Bild: Kann uns ein Blick von ganz oben dabei helfen, ein planetares Bewusstsein…
Die Raumfahrt zeigt sowohl menschliche Stärken als auch Schwächen, bringt
sie wie in einem Brennglas zum Vorschein. Manchmal auf fast komische Weise:
Im September 2022, während Russland in der Ukraine Krieg führt und sich die
Nato geschlossen hinter der Verteidigung aufbaut, starten vom
Weltraumbahnhof Baikonur in der kasachischen Steppe zwei Russen und ein
US-Amerikaner zur internationalen Raumstation ISS.

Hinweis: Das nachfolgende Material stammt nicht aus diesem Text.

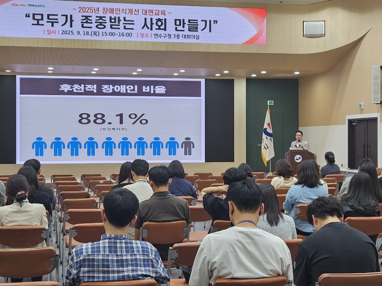 [연수구 세계타임즈=심하린 기자] 연수구(구청장 이재호)는 지난 18일 구청 대회의실에서 소속 공무원과 공무직 등 150여 명을 대상으로 장애인과 비장애인 간 상호 존중과 이해 증진을 위한 장애인식개선 교육을 했다.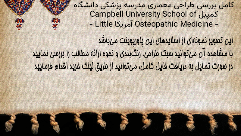 پاورپوینت کامل بررسی طراحی معماری مدرسه پزشکی دانشگاه کمپبل Campbell University School of Osteopathic Medicine – آمریکا – Little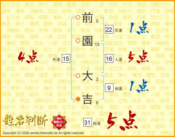 生活面を象徴する運勢です。外部から受ける影響力を表し、結婚運、家庭運や職場、環境への順応性を表します。総運から人運を引いた画数。姓や名が1文字の場合を除く。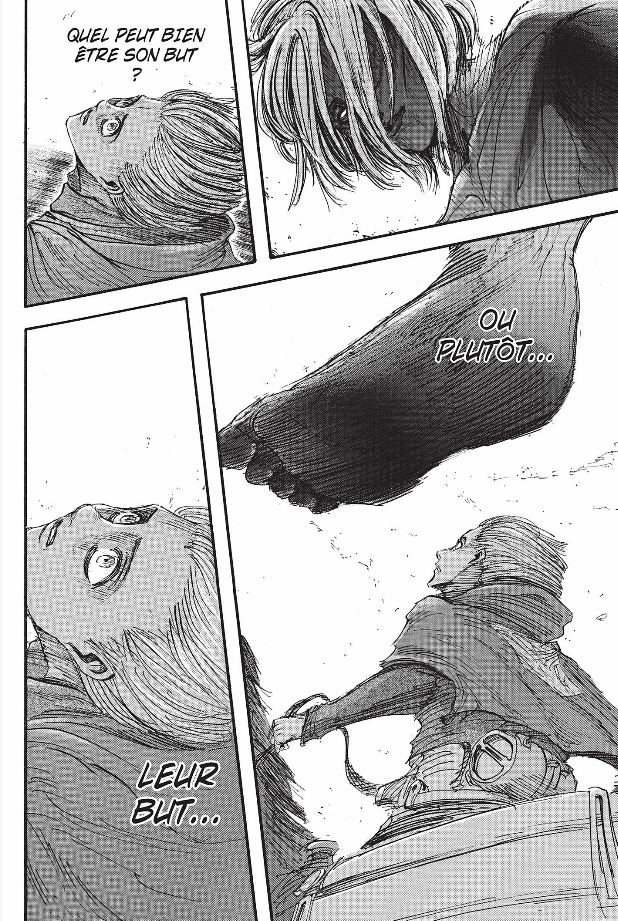 Résumé: Le Bataillon d'exploration a entrepris un exercice à l'extérieur des Murs auquel participe bien évidemment Eren, mais aussi Armin et Mikasa. Tout semble bien se passer, jusqu'à ce qu'un "Titan féminin" fasse irruption et menace de dévaster toute la formation...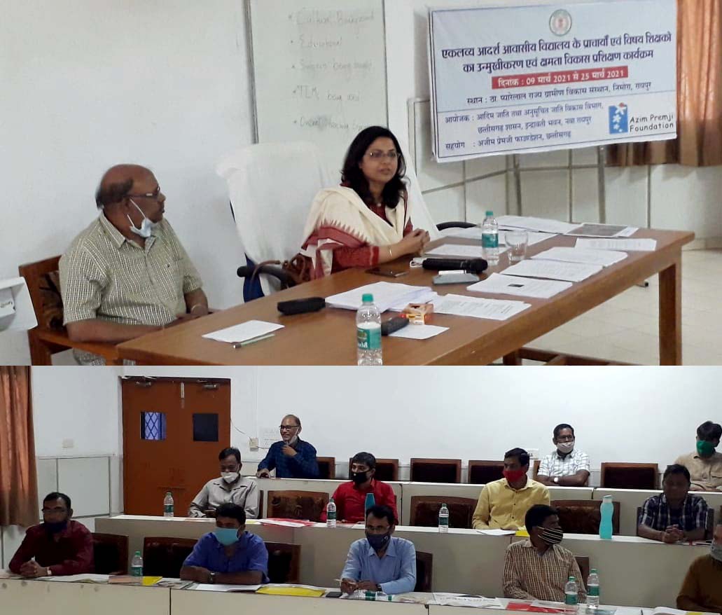 Raipur, 19 March 2021. Addressing the orientation and capacity development training session of the promoters and special teachers of Eklavya Adarsh Residential School in the state, Director, Tribal Development Department, Smt. Shammi Abidi said that knowledge acquisition is a continuous process. A person keeps on learning something throughout his life and increases his knowledge. He said that it is an important task to teach the students in the rural environment and to create a better future for them. The principal and subject teacher of Eklavya Adarsh Residential Schools is doing well. He said that take full advantage of the training session and inform the subject matter experts about their doubts, so that they can give a better solution.

Ihr Raumschiff ist russisch und heißt Sojus MS-22, was Vereinigung bedeutet
oder Union. Wie in Sowjetunion. In 400 Kilometer Höhe dockt die Sojus an
der ISS an. [1][Sie ist beschädigt; Kühlflüssigkeit tritt aus]. Für einen
Rückflug ist sie nicht mehr geeignet. Anfang des Jahres 2023 gibt die
russische Weltraumbehörde bekannt: Die Aufenthaltsdauer der Besatzung
verlängert sich um ein halbes Jahr.
Das Team steckt bis September 2023 in der Raumstation fest. Vor wenigen
Tagen dockte nun nach 33 Erdumrundungen eine unbemannte Kapsel an der
Raumstation an. Sie soll, leicht umgebaut, das Rettungsschiff werden. Aber
bis es so weit ist, haben die Astronauten noch viel Zeit, sich die Welt
von oben anzuschauen.
Die Erde als Ganze sehen. Wörtlich genommen war das für Menschen lange
undenkbar. Die letzte Grenze für die Menschen: das All. Dann kam die
Raumfahrt.
Menschen sind Erfinder. Die Fähigkeit des Menschen, Neues oder sogar
Unvorhergesehenes zu erschaffen, nennt die Philosophin Hannah Arendt
„Natalität“. Darin liegt Kraft für die Zukunft wie auch der Ursprung von
Katastrophen: Menschen tüfteln, bauen, investieren in Technik, die uns
reich macht, die uns ganz wörtlich fliegen lässt. [2][Zunächst nur ein paar
Meter über der Erde und bald bis zum Mars.] Gleichzeitig schaffen wir es
nicht, sorgsam mit unserem Zuhause umzugehen. Wir produzieren Schrott und
emittieren Abgase, vergiften uns selbst.
Der Blick aus einem Fenster der internationalen Raumstation könne helfen,
die Dimension zu begreifen, findet der Soziologieprofessor Stefan Selke. Er
hat Luft- und Raumfahrt studiert und das Buch „Wunschland“ geschrieben.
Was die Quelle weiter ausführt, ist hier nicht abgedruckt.